YOUR TASK.
Directions for the data below: repeat exactly the lines from the one with "Mixed Vegetable Saagu" through the one with "Feben的最新系列以设计师", both included, and omit all pictures.

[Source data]
== Segment start ==

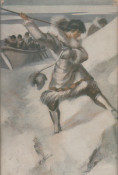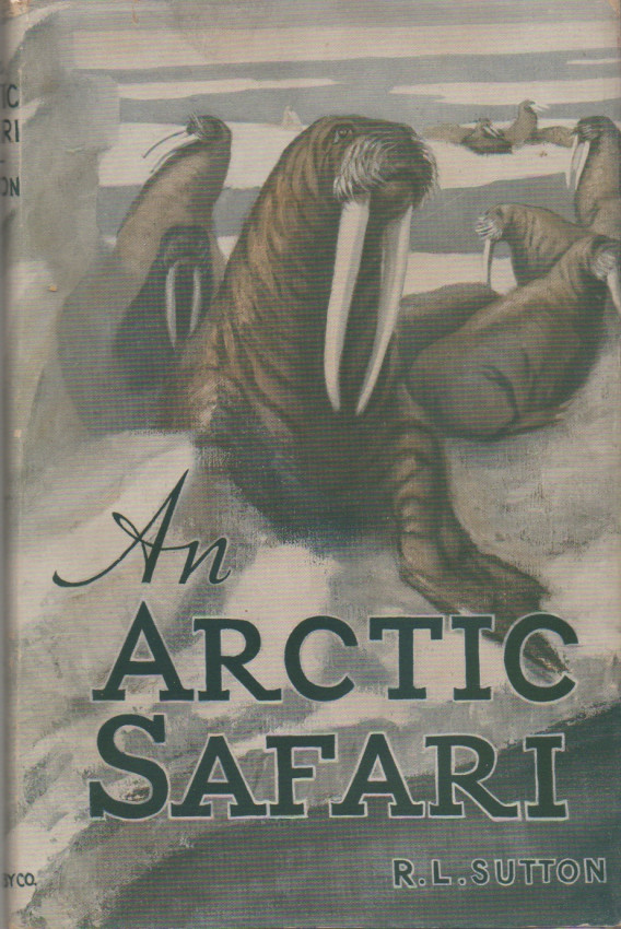 Hunting seal, walrus, and polar bear in the Arctic region north of Norway. The author was a world-wide traveler and hunter, and this was his northernmost adventure (Heller, 381). Original blue cloth with walrus head on upper board, very light fading to top and bottom. Printed on coated paper, a high quality production. Well illustrated with text photos. In a very good+ dramatically painted dust jacket depicting an Eskimo hunter about to harpoon a bull walrus. Just a bit of rubbing at the jacket's spine head.
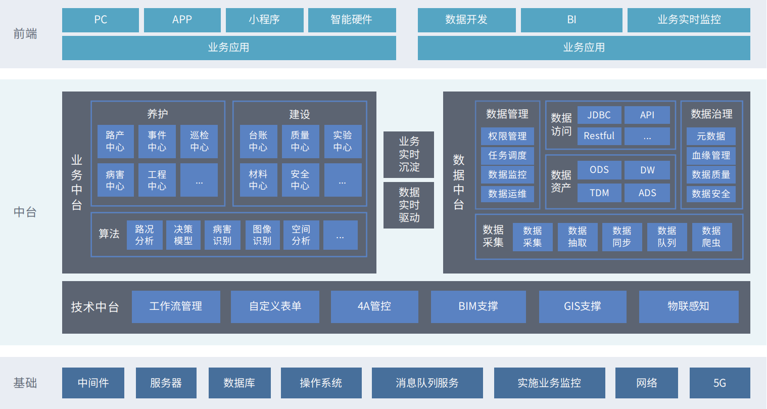 智慧公路数字中台以“业务+数据”双中台为核心技术,面向公路管理部门及运营企业打造一站式中台解决方案。涵盖业务中台、数据中台、技术中台等多个领域,旨在通过新一代数字化、智能化技术,输出本地化中台产品,助力公路管理部门及运营企业构建公路产业生态圈,帮助政府、企业实现高质量的数字化转型。
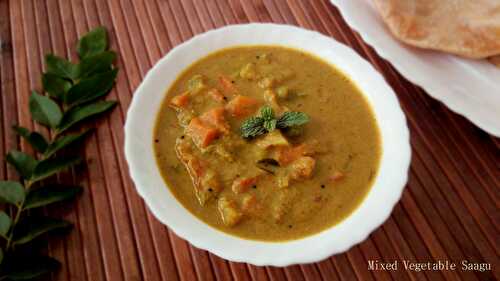 Mixed Vegetable Saagu - Is a spicy vegetable side dish with a mild sweet tone of cashews and fennel seeds is a speciality from Karnataka.
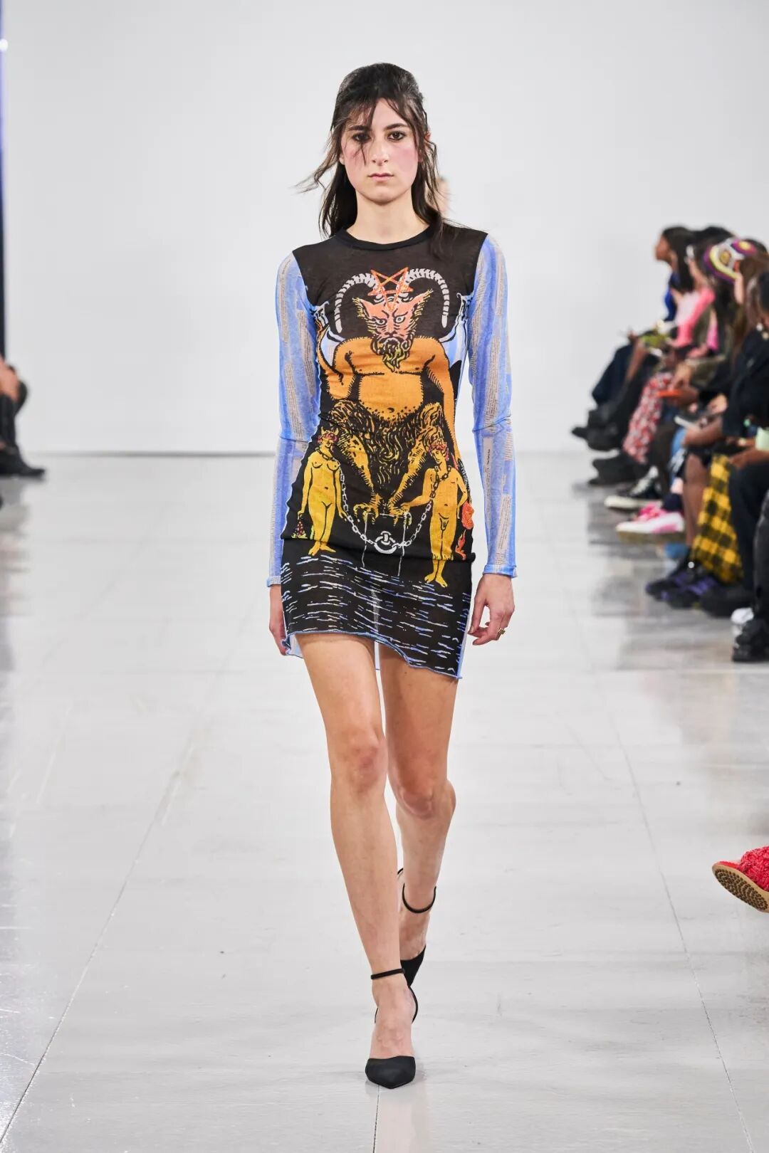 Feben的最新系列以设计师向内观照的感受为基础,在克服逆境这样的背景下,Feben Vemmenby探索了有关的精神主题,设计师提到了每个人对于塔罗牌的不同解读,并将对于设计师而言具有特殊意义的战车牌、恶魔牌和高塔牌运用在不同服装的印花上。
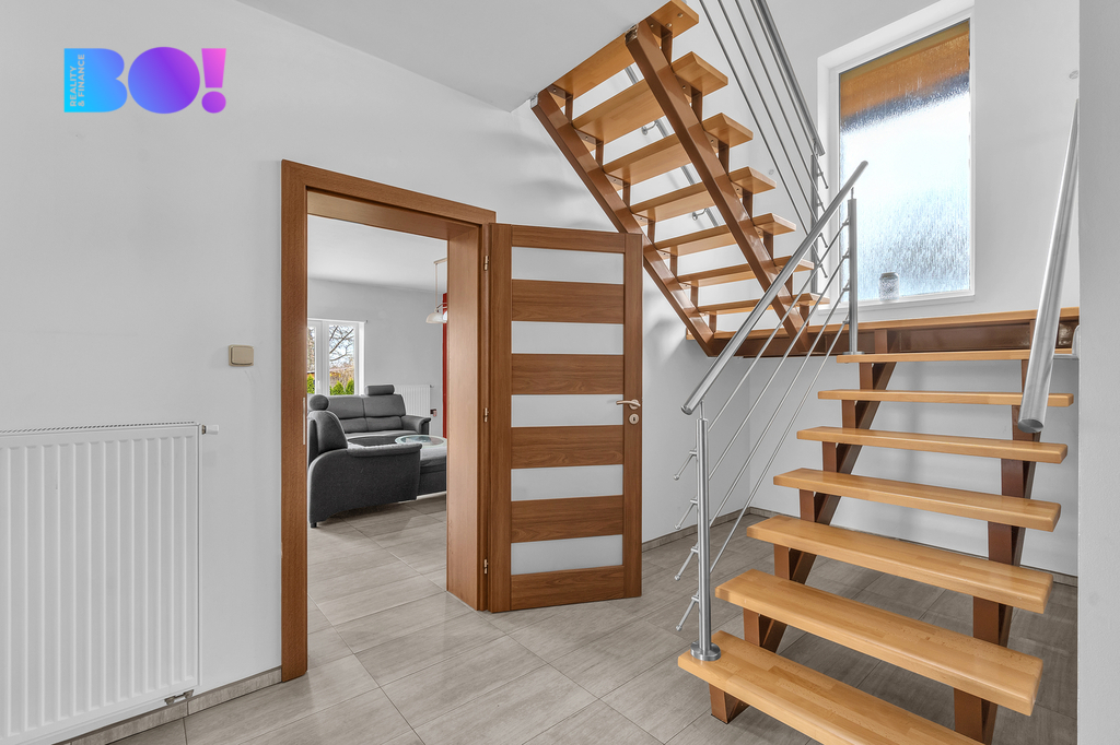 Moderní novostavba z roku 2017, umístěná v krásné a klidné lokalitě na okraji obce Bousov, Ronov nad Doubravou - 3km, Třemošnice 10 km, okres Chrudim. Dům je obklopen přírodou, přesto se nachází jen pár minut od centra obce. Ideální volba pro ty, kteří touží po klidném bydlení v harmonii s přírodou, aniž by se museli vzdát pohodlí městského života. Dispozice a technické řešení: Dům nabízí dispozici 4+kk s užitnou plochou 146 m², rozloženou do dvou podlaží. • Přízemí: zádveří, vstupní hala, prostorný obývací pokoj s jídelnou a krbem spojenou kuchyní, technická místnost, koupelna, WC. • Patro: ložnice s šatnou a vstupem na balkon, 2x dětský pokoj, WC. Na rodinný dům navazuje terasa pro grilování a odpočinek, zahrada o ploše 1125 m² s bazénem. Provozní náklady jsou: • Elektřina: 2500 Kč/měs. • Voda: 500 Kč/měs. Tento dům představuje dokonalé spojení moderního a úsporného bydlení s přírodou a klidem, a přitom na dosah veškeré infrastruktury měst Ronova nad Doubravou a Třemošnice v okrese Chrudim
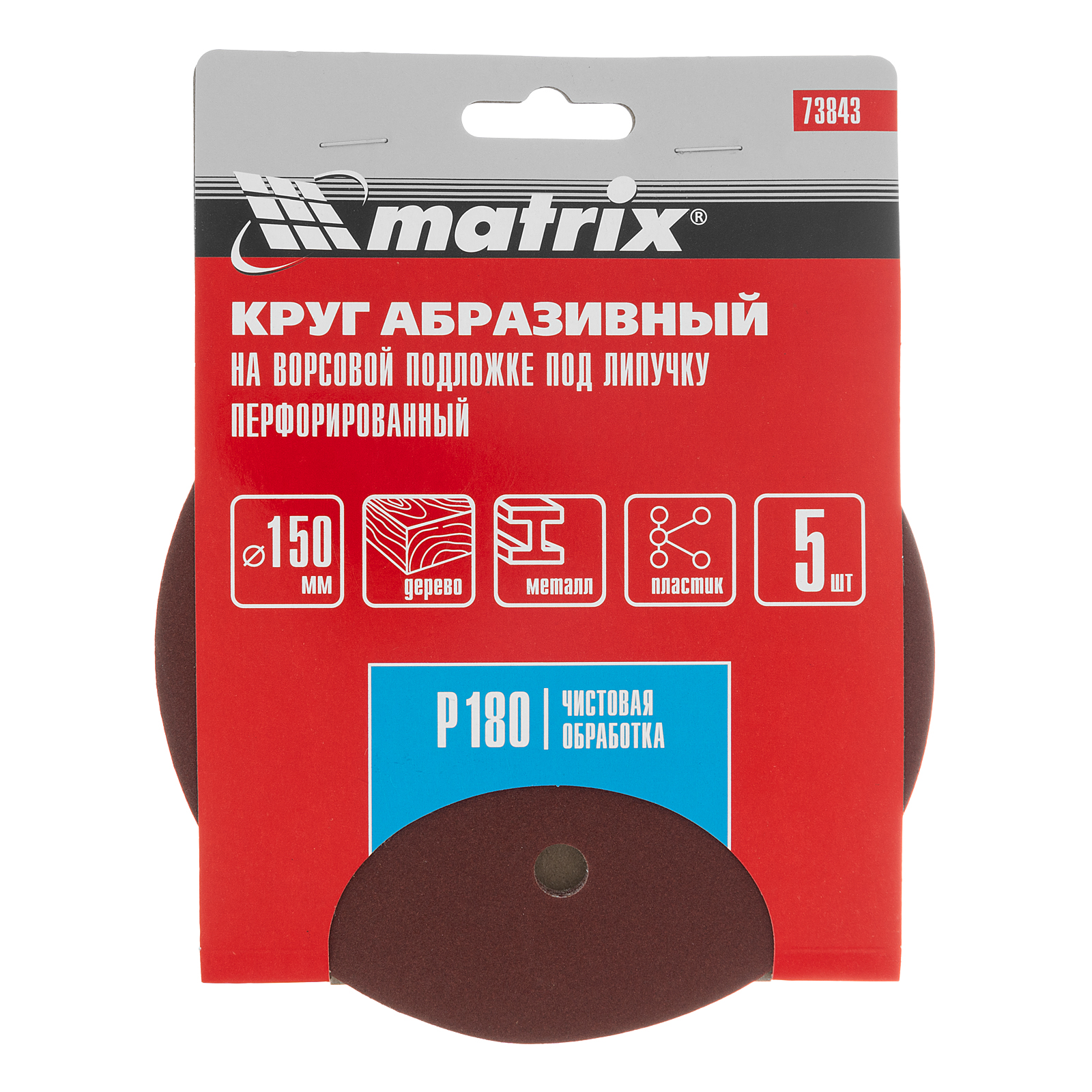 Перфорированный абразивный круг на ворсовой подложке под «липучку» Matrix 73843 с зернистостью Р 180, диаметром 150 мм, используется для сухого чистового шлифования металла, древесины, пластика и других поверхностей. Круг устанавливается на эксцентриковую (орбитальную) шлифовальную машинку с возможностью отвода воздуха или на дрель с помощью опорной насадки Matrix соответствующего диаметра. Абразив Р 180 позволяет придать поверхности гладкость для дальнейшего нанесения лака, эмали и других отделочных материалов.
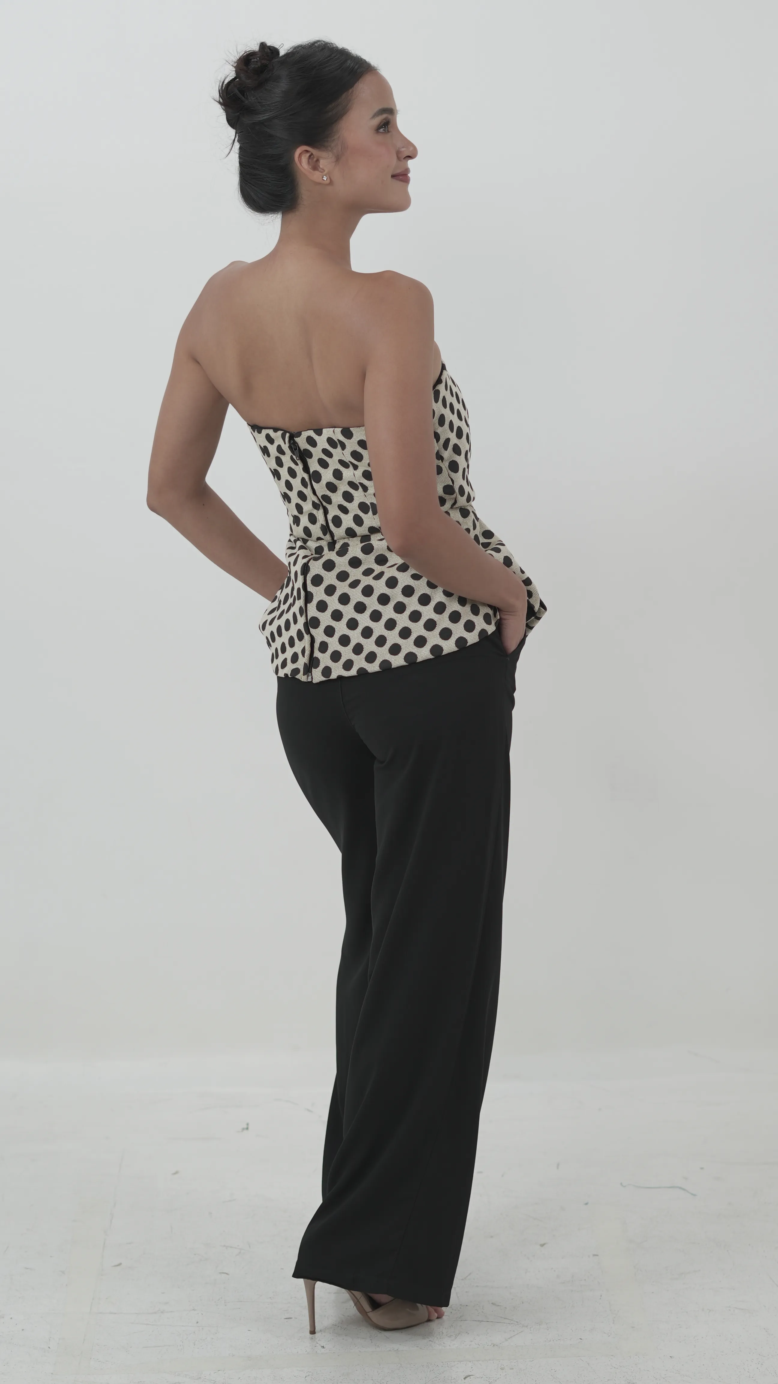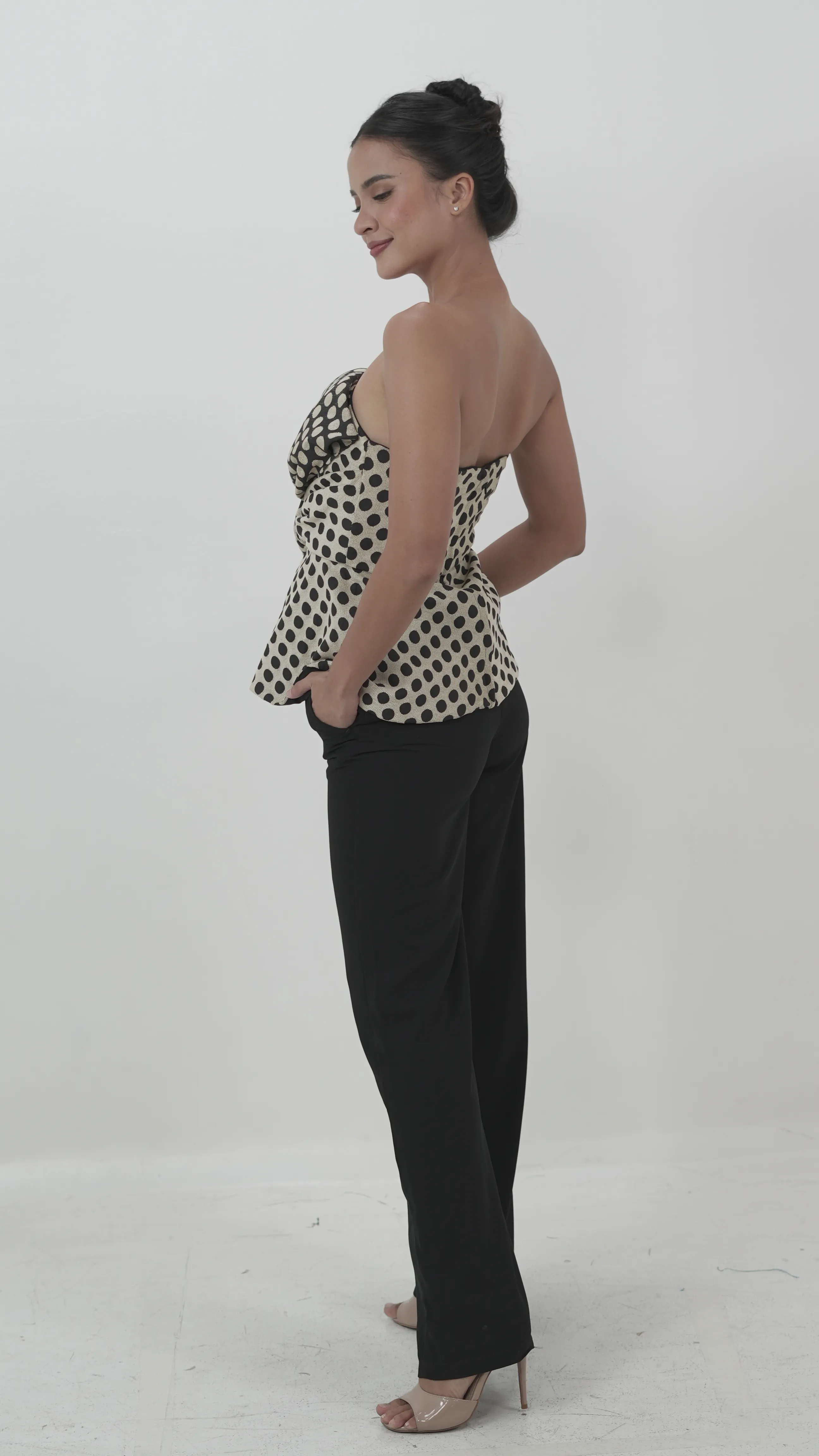 Bold and playful, this strapless piece pairs a neutral polka dot print with a dramatic oversized bow. The structured shape and textured fabric give it a sculpted yet feminine edge.BRAND: VANIA ROMOFFFITS: S

== Segment end ==

ANSWER SECTION.
 Mixed Vegetable Saagu - Is a spicy vegetable side dish with a mild sweet tone of cashews and fennel seeds is a speciality from Karnataka.
 Feben的最新系列以设计师向内观照的感受为基础,在克服逆境这样的背景下,Feben Vemmenby探索了有关的精神主题,设计师提到了每个人对于塔罗牌的不同解读,并将对于设计师而言具有特殊意义的战车牌、恶魔牌和高塔牌运用在不同服装的印花上。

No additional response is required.